The mechanisms by which infection (particularly severe sepsis), acute neurologic dysfunction, and acute renal failure (defined by need for RRT) might increase the risk of dementia remain speculative and likely inter-related. One possibility, proposed by Jackson et al. is that those aspects of critical illness that incite a systemic inflammatory reaction, such as in sepsis or septic shock, may alter brain activity and start the development of cognitive impairment [26]. Recently, studies show dementia to be more common among people on RRT for chronic renal failure [27,28]; however, it is unclear whether the increased rate is attributable to the effects of hemodialysis or from direct effects of renal failure.
Data also suggest that many critically ill patients experience delirium at some point during the hospitalization [26]. Whether delirium is a harbinger of future dementia [29] or purely a marker for increased organ dysfunction and severity of illness remains unclear. Data on electro-encephalogram findings in critically ill patients demonstrate a high rate of sub-clinical seizure activity [30], suggesting that damage to the brain may often occur during a critical illness, such as sepsis. Recent studies have demonstrated a relationship between delirium in the ICU and subsequent cognitive dysfunction [31-34]. Moreover, patients with longer duration of delirium also appear to have smaller brain volume at hospital discharge and at 3-months of follow-up, which appears to correlate with worse cognitive performance at 12 months [32,33]. Neurologic damage and cognitive impairment can also occur during acute renal failure [35-37]. Additional studies focused on these higher risk groups during and after critical illness with follow-up, are needed to understand and potentially prevent these long-term sequelae of critical illness.

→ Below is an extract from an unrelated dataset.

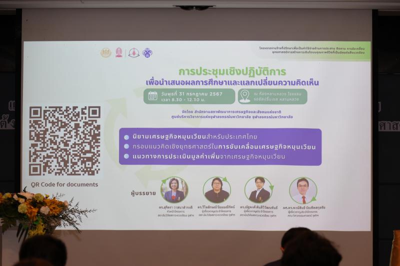 ทั้งนี้ มีการนำเสนอผลการศึกษาจากคณะที่ปรึกษาฯ ใน 3 หัวข้อ ได้แก่ (1) ผลการศึกษาในส่วนนิยามเศรษฐกิจหมุนเวียนสำหรับประเทศไทยและกรอบแนวคิดเชิงยุทธศาสตร์ในการขับเคลื่อนเศรษฐกิจหมุนเวียน โดย ดร.สุจิตรา วาสนาดำรงดี หัวหน้าโครงการ (2) ผลการศึกษาถอดบทเรียนต้นแบบธุรกิจที่สอดคล้องกับหลักเศรษฐกิจหมุนเวียนและ แนวทางการประเมินมูลค่าเพิ่มจากเศรษฐกิจหมุนเวียนในระดับอุตสาหกรรม โดย ดร.วิไลลักษณ์ นิยมมณีรัตน์ และ ดร.ณัฐพงศ์ ตันติวิวัฒน์พันธ์ ผู้เชี่ยวชาญประจำโครงการ และ (3) แนวทางการประเมินมูลค่าเพิ่มจากเศรษฐกิจหมุนเวียนระดับมหภาคและข้อเสนอแนะ โดย ผศ.ดร.พงษ์สันธ์ บัณฑิตสกุลชัย ผู้เชี่ยวชาญประจำโครงการ และ ดร.สุจิตรา วาสนาดำรงดี หัวหน้าโครงการ

We found a strong association between the age of critically ill patients and subsequent diagnoses of dementia; our oldest survivors (age 85+) had a cumulative incidence of dementia of 33% over three years. This relationship with age is consistent with many population studies [38]. The overall incidence of newly diagnosed dementia after critical illness is higher in our cohort than reported population-based incidence rates among the elderly in the United States, as expected for a cohort at an overall increased risk due to hospitalization; the incidence per 1,000 person-years was two to three times higher than similar age-stratified cohorts [39-41]. However, accurately assessing diagnoses of dementia as well as risk factors remains challenging using administrative data and there are a number of limitations to this analysis. Because we relied solely on Medicare claims to identify dementia, we used a definition found to capture 82% of dementia cases identified with a neuropsychology battery [42] and also used three years of claims data; in another study it was found to have a sensitivity of 85% when compared to in-home dementia assessment by clinical staff [16]. Any missed diagnoses of dementia would likely bias our findings towards the null. It is important to acknowledge that the severity of dementia is unknown from Medicare claims and early dementia was found to be under-reported in claims data [42,43]. Thus, our findings mostly relate to moderate to severe dementia diagnoses after critical illness. We also performed a number of sensitivity analyses to determine whether our findings were consistent across sub-groups of more severely ill patients, with similar results in all of the models.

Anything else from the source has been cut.